Eventually, lldb would detach with error:
exited with status = -1 (0xffffffff) lost connection

It seems that LLDB has lost connection to debugserver. I have captured gdb remote logs here which I am not familiar to decipher. I do not know how to attach the log file but the last several entries are shared here:

intern-state     <  20> send packet: $p7;thread:275d1;#02
intern-state     <  20> read packet: $80cfbf521e7f0000#53
intern-state     <  21> send packet: $x7f1e52bfce00,200#c0
intern-state     < 516> read packet: $20cebf521e....
intern-state     <  21> send packet: $x7f1e88bfce00,200#c9
intern-state     < 516> read packet: $20cebf881e7f0000babda33a000000000400000000000000b0d7bf881e7f000060cebf881e7f000049c9a33a00000000806d3b3b00000000806d3b3b00000000b0d7bf881e7f0000b0d7bf881e7f0000e865a15e1f7f0000e865a15e1f7f00006809c0881e7f00004006c0881e7f00004006c0881e7f00004006c0881e7f0000000000000000000000000000000000009097bfa21e7f0000e0a9895e1f7f0000c0cebf881e7f00004006c0881e7f00004006c0881e7f000000000000000000009097bfa21e7f0000e0a9895e1f7f000070cfbf881e7f000082ac895e1f7f000000000000000000004006c0881e7f00004006c0881e7f00002c7cf7f9cdad77194006c0881e7f000000000000000000009097bfa21e7f0000e0a9895e1f7f00002c7cd7facdad77192c7c4532a1017419000000000000000000000000000000000000000000000000000000000000000000000000000000000000000000000000e0cfffffffffffff4006c0881e7f00000000000000000000dcd1925e1f7f00000000000000000000000000000000000000000000000000000000000000000000000000000000000000000000000000000000000000000000000000000000000000000000000000000000000000000000000000000000000000000000000000000000000000000000000000000000000000000000000000000000000000000000#17
dbg.evt-handler  <  16> send packet: $jThreadsInfo#c1
dbg.evt-handler  <85322> read packet: $[{"name":"ConvStaticBalan","....
dbg.evt-handler  <  21> send packet: $z0,7f1f5fa86cc0,1#c7
dbg.evt-handler  <   6> read packet: $OK#9a
dbg.evt-handler  <  22> send packet: $D;00000000000034bc#eb
dbg.evt-handler  <   6> read packet: $OK#9a
b-remote.async>  <  20> send packet: $vCont;c:p34bc.-1#0a
b-remote.async>  <   7> read packet: $E1e#db

Any suggestion is appreciated. cc @clayborg, @labath

Jeffrey

Trivial point: if this is Linux, you are using lldb-server not debugserver…

W.r.t. SIGSTOP, if you want lldb not to print the SIGSTOP, then also pass -n false to process handle. But note, lldb doesn’t have any control over whether the process gets all these SIGSTOP’s, however, so those are all real and the fact that the system seems to be pounding on this process telling it to stop is interesting at least…

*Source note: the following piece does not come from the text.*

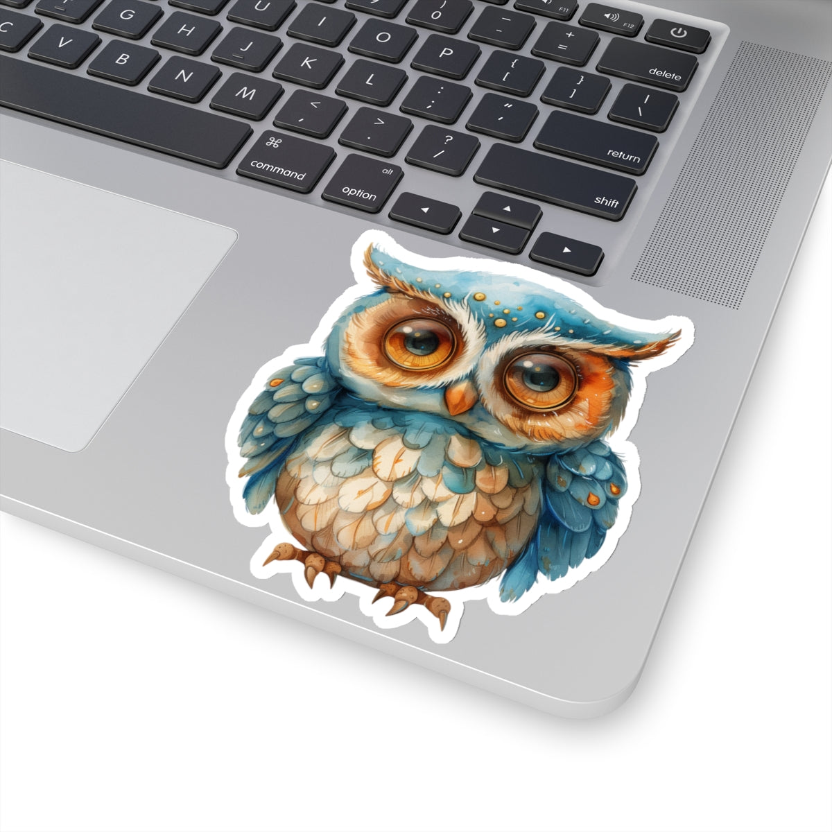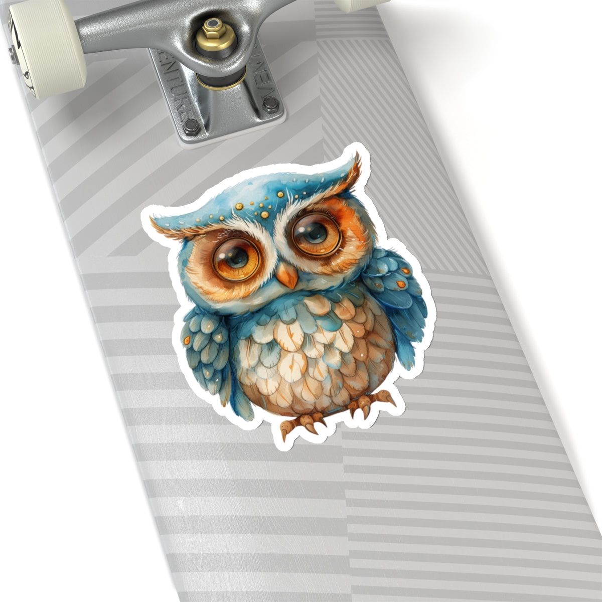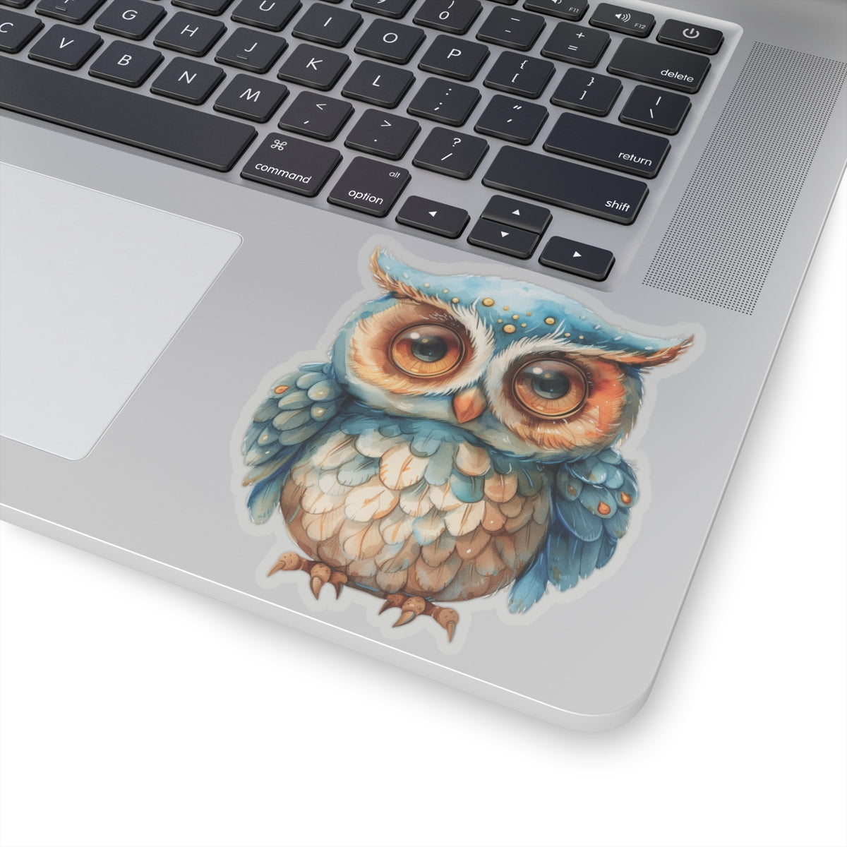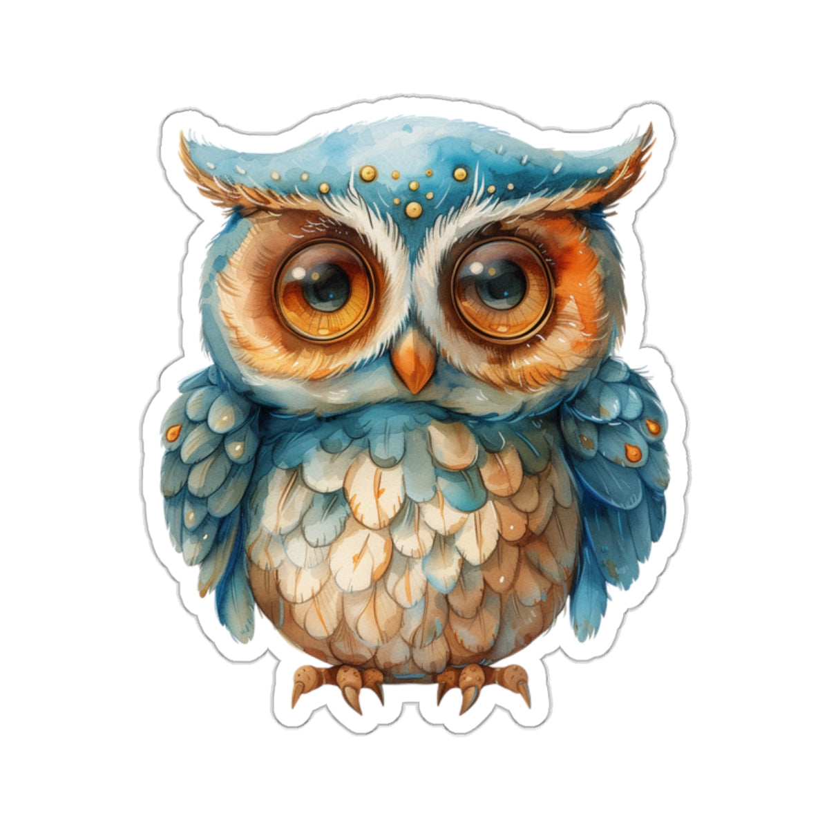 charming watercolor depiction of a cute blue and white owl, perfect for adorning laptops, notebooks, and more. Crafted from durable vinyl with

The last bit of the transaction between lldb & lldb-server is lldb asking lldb-server to continue the process ($vCont) and lldb-server returning an error: E1e. lldb doesn’t really know what to do with a process that can’t continue and assumes the debug session is dead and disconnects. I didn’t see any place in the lldb-server code where it calls sendError(0x1e) or sendError(30) so this might actually be a system error number? It wouldn’t be altogether surprising that whoever is continually telling this process to stop eventually tried some more strenuous method, and that’s why the process can’t continue.

Jim

This makes sense. Sorry, I should make the ask more explicitly, for SIGSTOP I am not complaining the output but need tips regarding how to best troubleshoot who is sending SIGSTOP to it? Like, is it in process code or external process?
I originally thought the lost connection issue is more important to focus on but seems that they (SIGSTOP and lost connection) may be the same issue underlying we need to find out.

Any suggestion going forward here?

Jeffrey

Set breakpoints on pthread_kill and kill in the program you are debugging (there may be other ways to send yourself a signal on Linux, you might need to research that) to see if your program is sending it to itself. If those breakpoints don’t fire and the machine you’re running the debug session on has strace installed, you can get that to watch the kill system call to see if another user process is killing your process. If the kernel is doing it directly, then I don’t know how you would figure out why it is doing that on Linux.

Jim

You can use the thread siginfo command to dump the siginfo_t structure corresponding to the signal. That should give you some indication as to who is sending that signal (si_pid) and why (si_code).